Partly as a results of my experimenting with the bstaley O-ring buffer, and partly as a result of my lift measurements on various PCPs.... and also from seeing the excitement of Steve in NC when I mentioned that the lift at the low end of a shot string in an unregulated PCP was about twice the lift at the high end.... I started thinking about what would happen if there was some way for us to "shape" the lift curve instead of just relying on the relationship between hammer momentum/energy and air pressure.... which is the basis of self-regulation in today's PCPs.... I plunked some numbers into a spreadsheet, nothing specific, just generic, and realized that it would only take a few thousandths of an inch change in the center of the lift curve to flatten the shot string.... Here is a graph showing what I mean....

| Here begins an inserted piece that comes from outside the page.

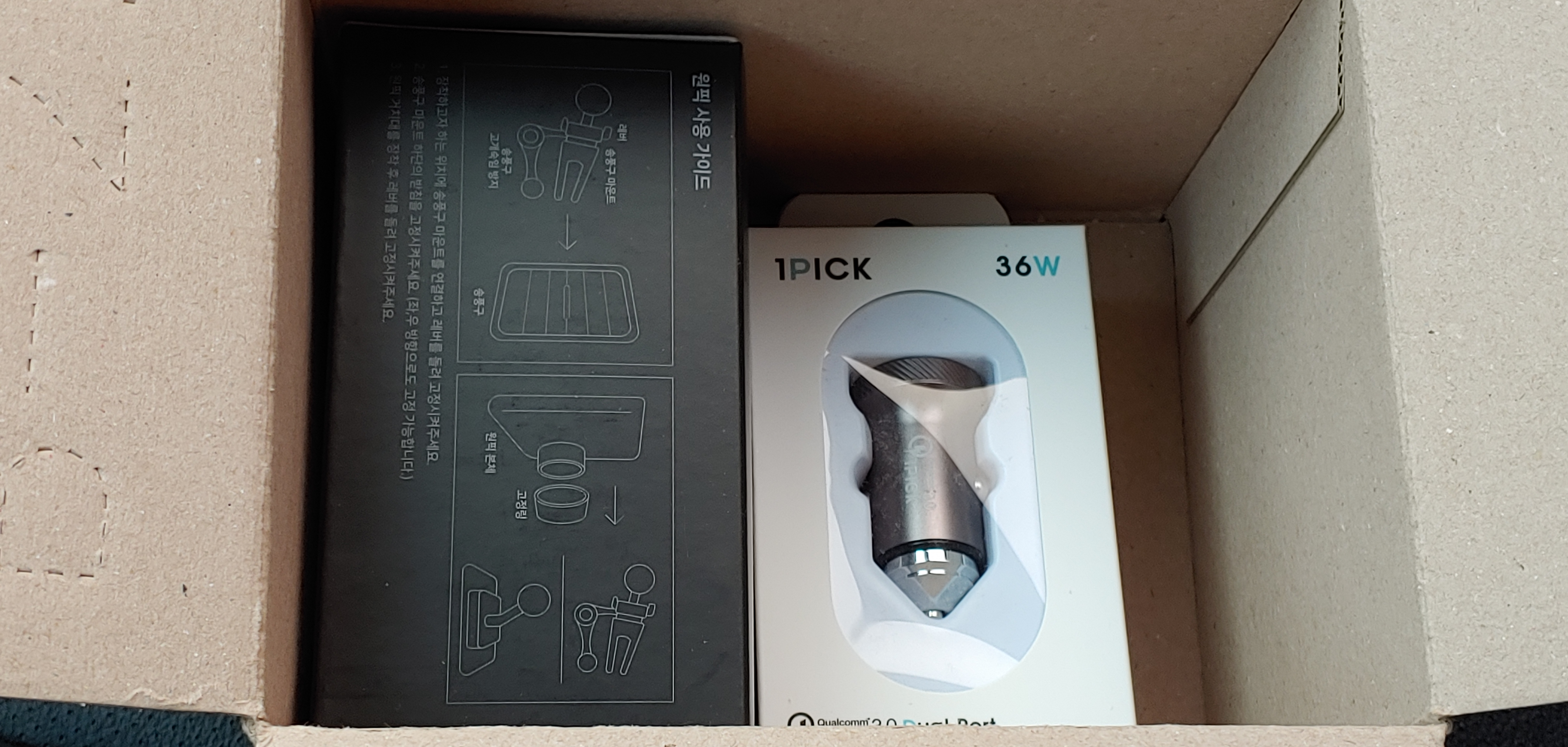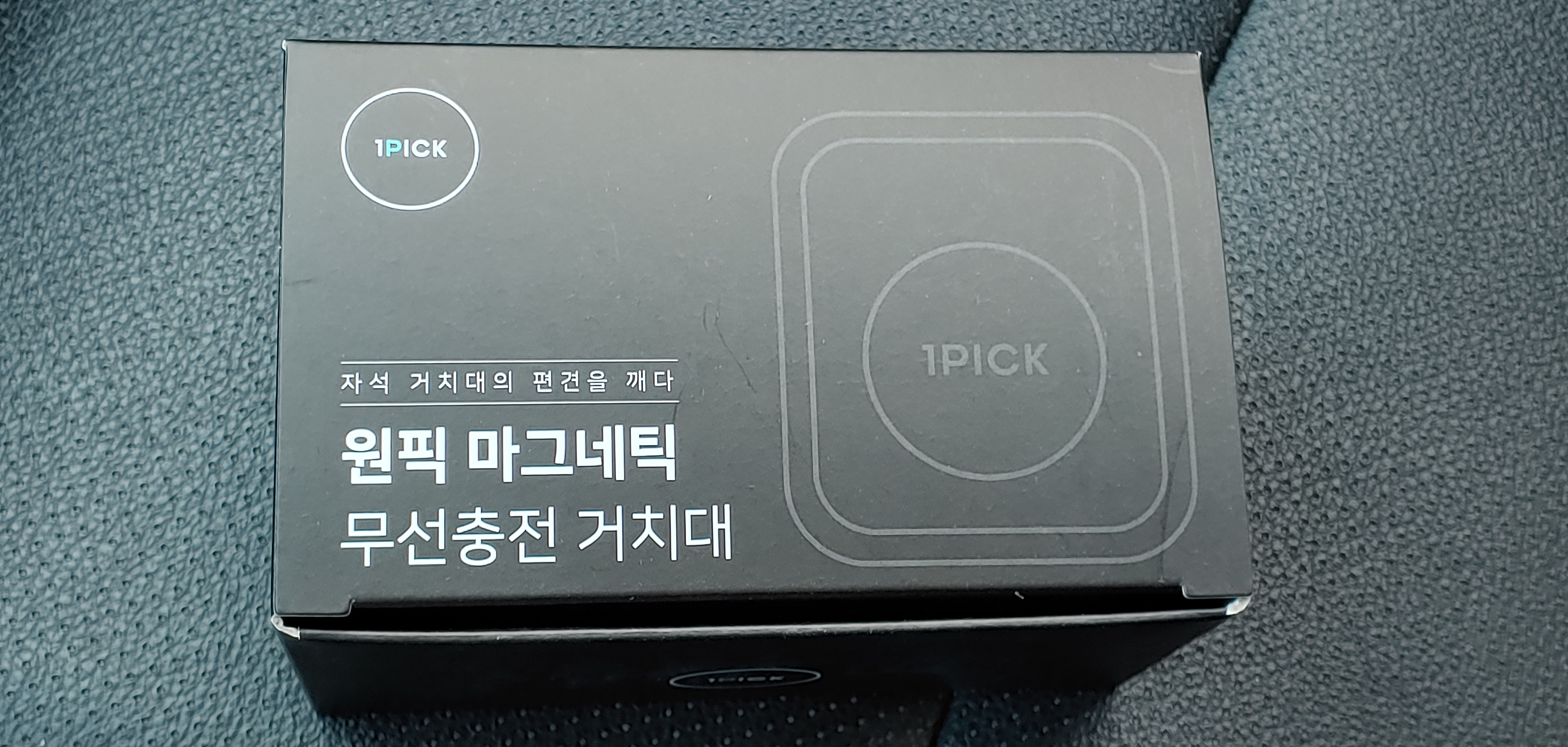 검은 박스가 본품인 원픽 마그네틱 무선 충전 거치대입니다.

The solid lines are a typical bell-curve as we now get, and a typical lift curve associated with that.... Based on the ones I have measured, the lift is not quite linear, it is slightly less in the middle than a linear decline with pressure.... Here is how I manipulated the data....



The pressure is obvious, start, middle, and end.... The lift is typical for what I have measured over a string.... The velocity is about 5% ES over the 1000 psi, again typical.... "P x L" is pressure times lift.... "V/(PxL)" is the velocity over that number.... Now you will see why I chose 952 fps, it was to make all those numbers come out equal.... If we reduce the value of "P x L" for the middle pressure to the same values as the ends (100, which should produce a constant 952 fps) and then divide that by the pressure, we get the theoretical lift required to produce a flat velocity curve, the "New Lift".... It's kind of a "what if" scenario, but I think it gives a pretty accurate idea of what might be required to flatten the velocity curve.... That lift is then graphed as well, as the dotted black line.... The remarkable thing is how little you have to reduce the lift in the middle of the curve to flatten out the velocity.... in this case about 0.003"....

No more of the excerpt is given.